Work request -
Set down exactly the lines from the first line of the records through the line that contains "Nämlich sobald die", and leave every picture out.

[Items listed in a dataset]
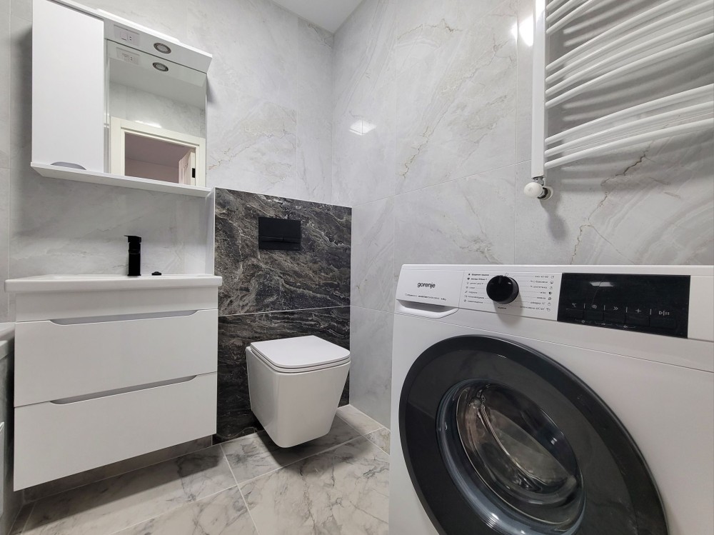 Квартира здається вперше, гарний свіжий ремонт, з меблями та побутовою технікою (пральна, посудомийна машини, холодильник, морозилка, духовка, газова поверхня), індивідуальне опалення, теплі підлоги під плиткою.
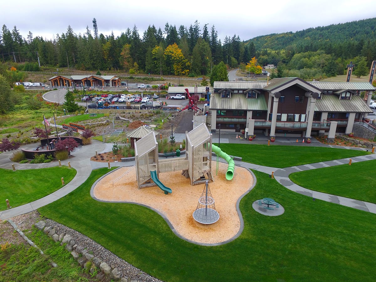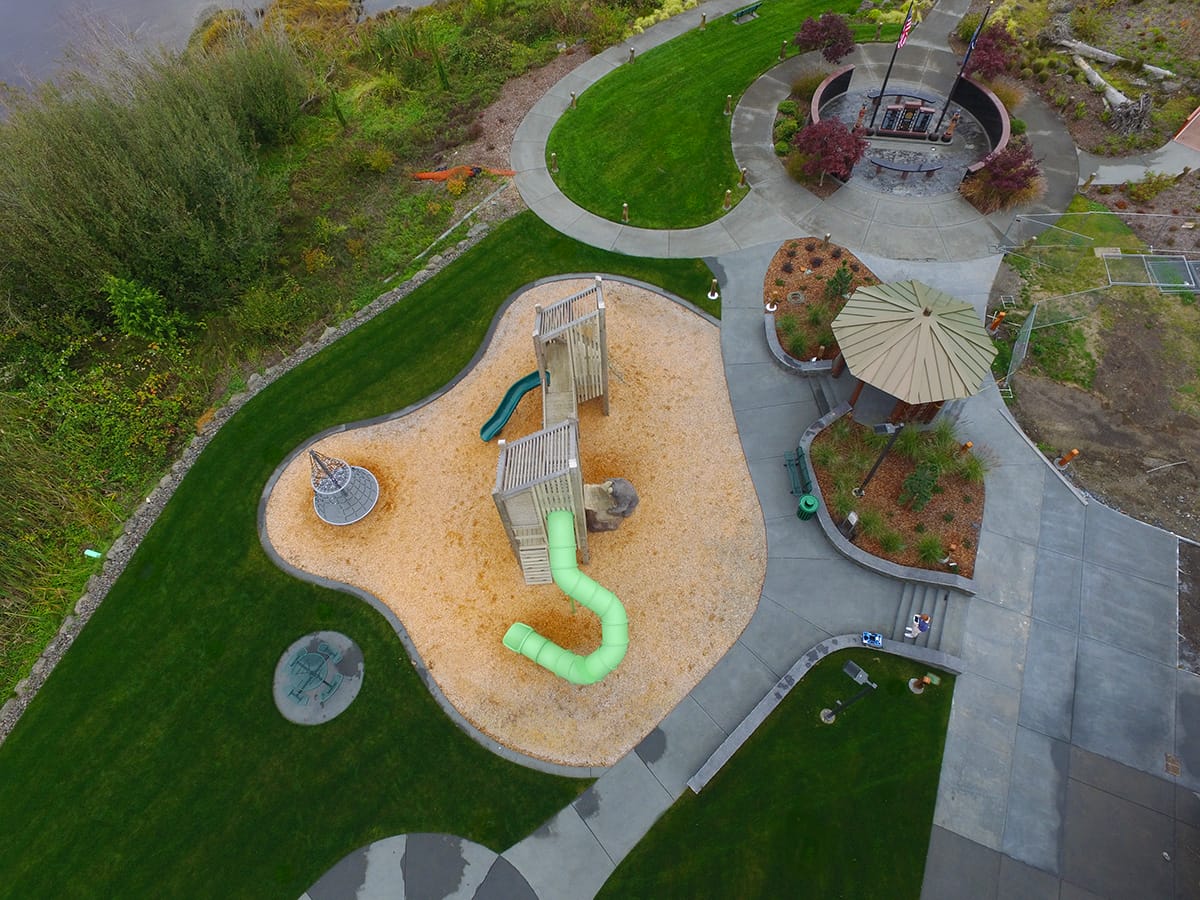 As part of a larger scope of improvements on the campus, a new playground, open space areas and raingarden were designed. The intent was to provide additional and varied opportunities for community of all ages to enjoy the campus. The design was intended to blend the natural and built environments, while also integrating existing structures and facilities on campus.
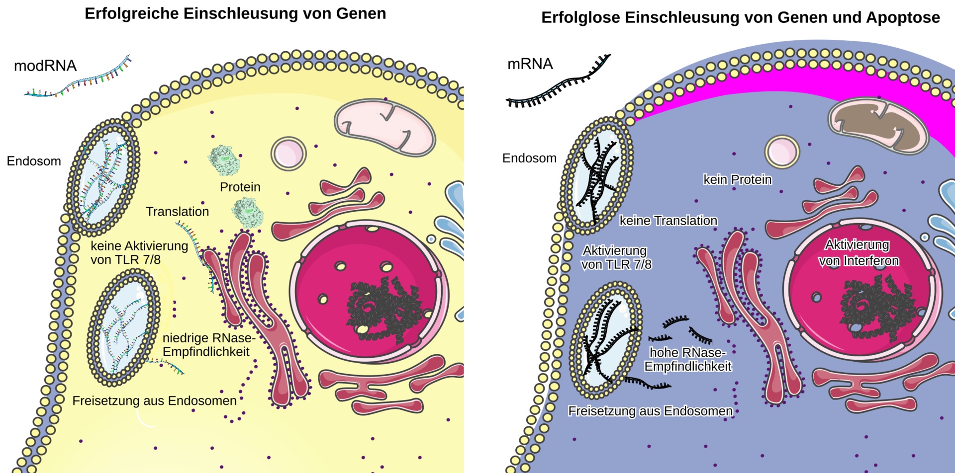 Nämlich sobald die modRNA (mit synthetischen Alphabet codiert, schwer abbaubar)
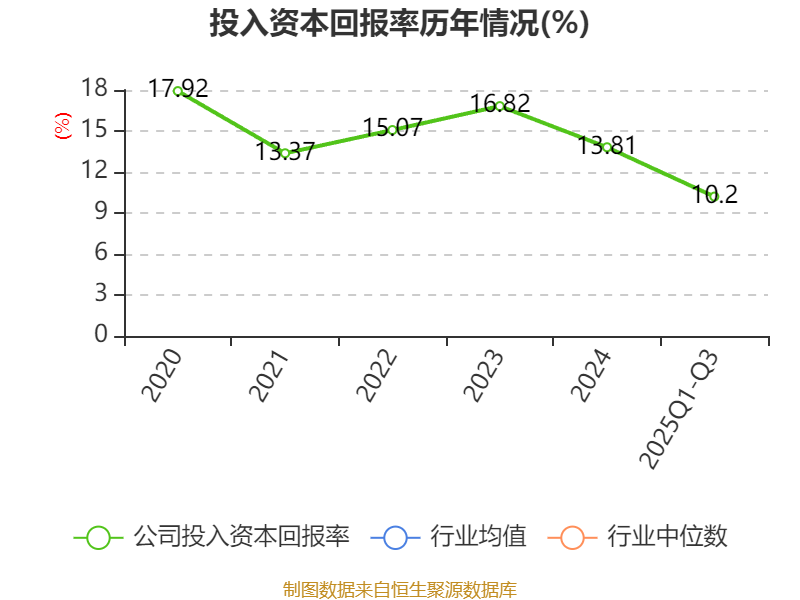 盈利能力方面, 2025年前三季度公司加权平均净资产收益率为13.21%,同比下降1.32个百分点。公司2025年前三季度投入资本回报率为10.2%,较上年同期下降6.34个百分点。
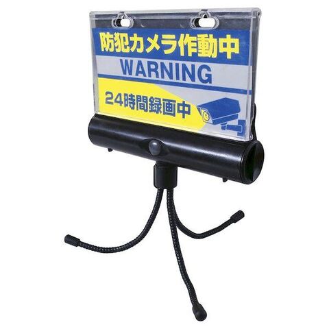●警告プレート(英語&日本語)とセンサーライトがドッキング。夜間はセンサーが侵入者を探知しLEDを点灯させます。●自由に曲がる三脚が付属しており、簡単に設置ができます。市販の結束バンドなどを利用して設置も可能。●防雨構造で屋外への設置OK。本商品はガレージや玄関前、敷地内通路など目立つ場所へ設置し、防犯カメラやダミーカメラと一緒にご使用いただくのがおすすめです。
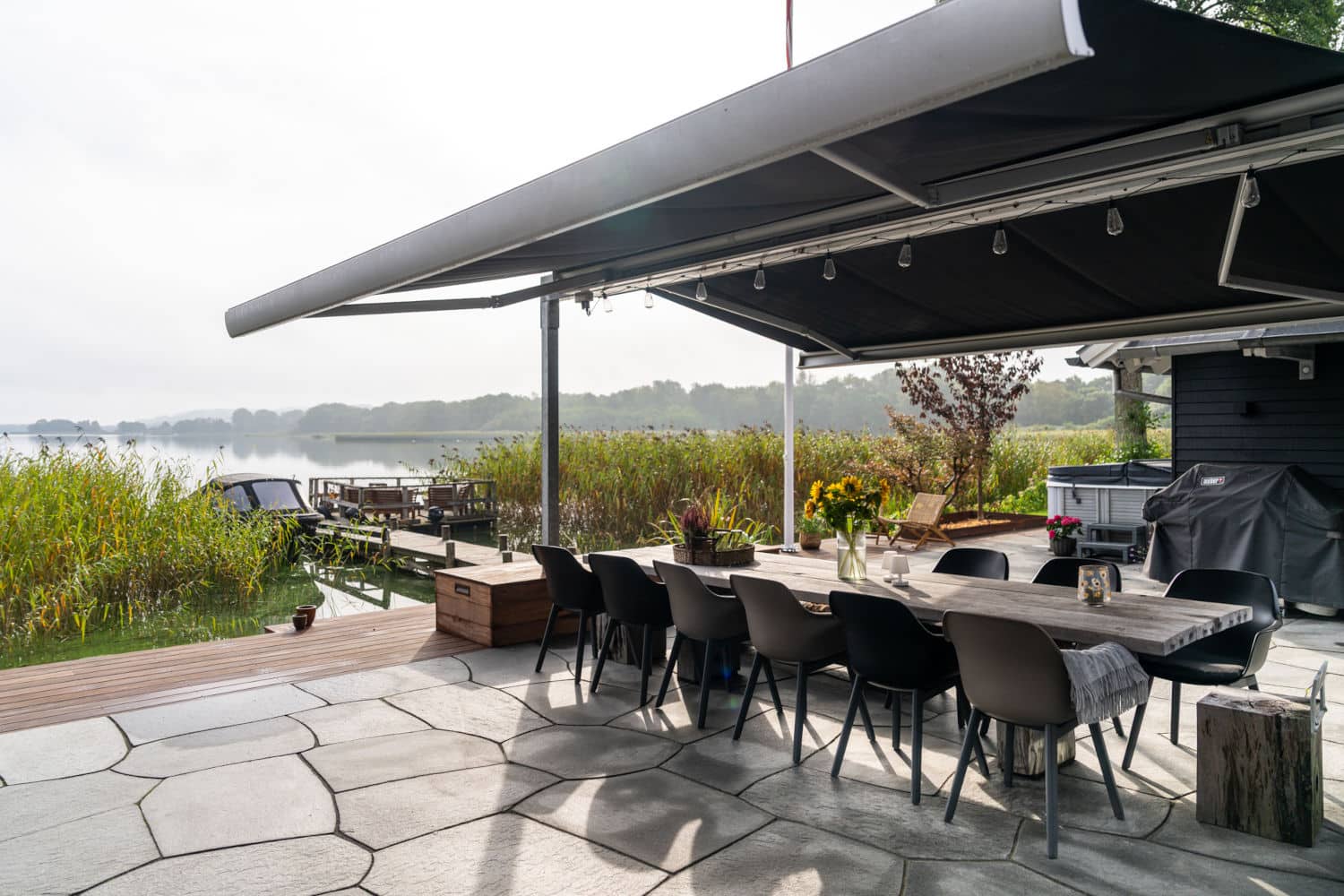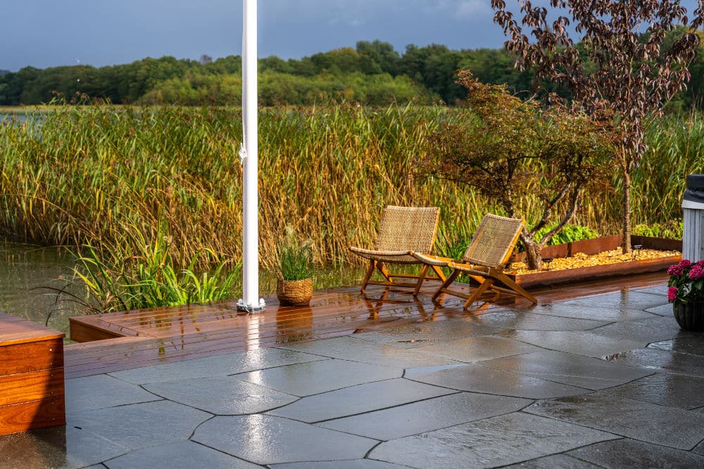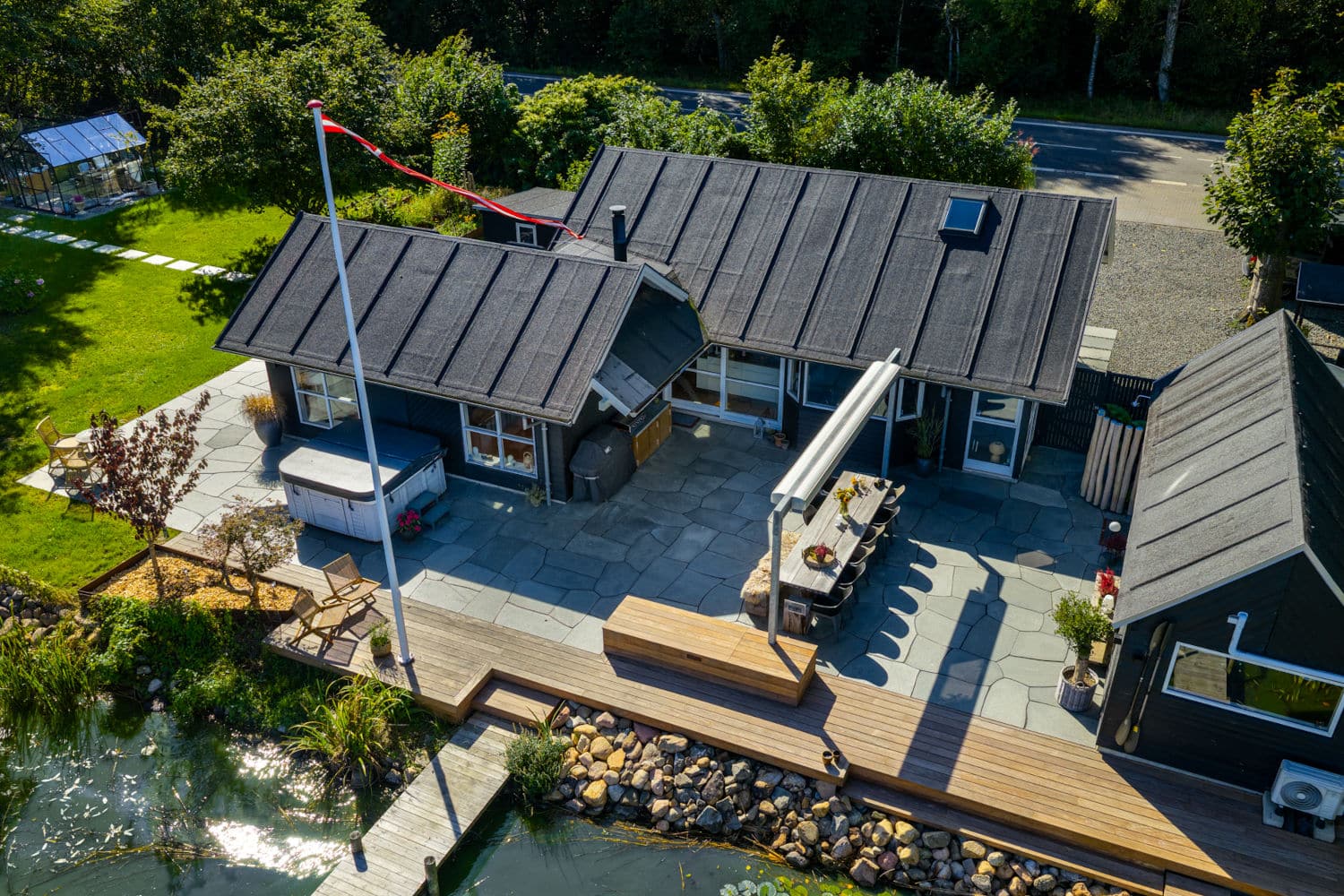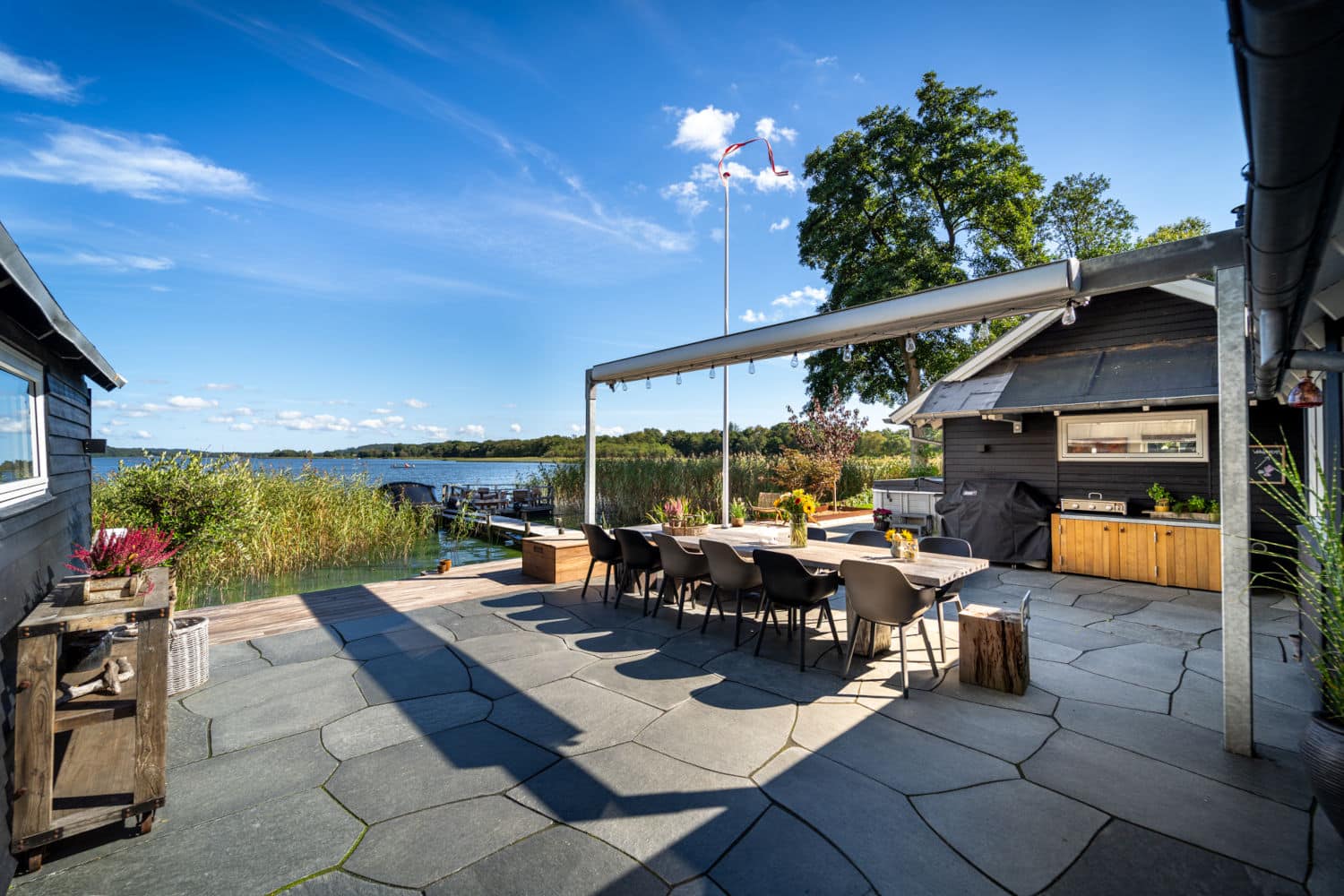 Utenfor Århus på Jylland ved kysten av Knudsøssjøen, omgitt av siv og en egen brygge, er en tidligere hytte blitt forvandlet til et moderne hjem. Stoneart Bruddskifer Klassisk ble valgt for å gi uteområdene en solid og tidløs karakter som harmonerer perfekt arkitektur og natur. Bruddskiferen kom ferdig tilpasset, med bilder, nummerert og merket. Montering av 150 m² gikk på halvannen dag med lokale krefter.

Task output -
 Квартира здається вперше, гарний свіжий ремонт, з меблями та побутовою технікою (пральна, посудомийна машини, холодильник, морозилка, духовка, газова поверхня), індивідуальне опалення, теплі підлоги під плиткою.
 As part of a larger scope of improvements on the campus, a new playground, open space areas and raingarden were designed. The intent was to provide additional and varied opportunities for community of all ages to enjoy the campus. The design was intended to blend the natural and built environments, while also integrating existing structures and facilities on campus.
 Nämlich sobald die modRNA (mit synthetischen Alphabet codiert, schwer abbaubar)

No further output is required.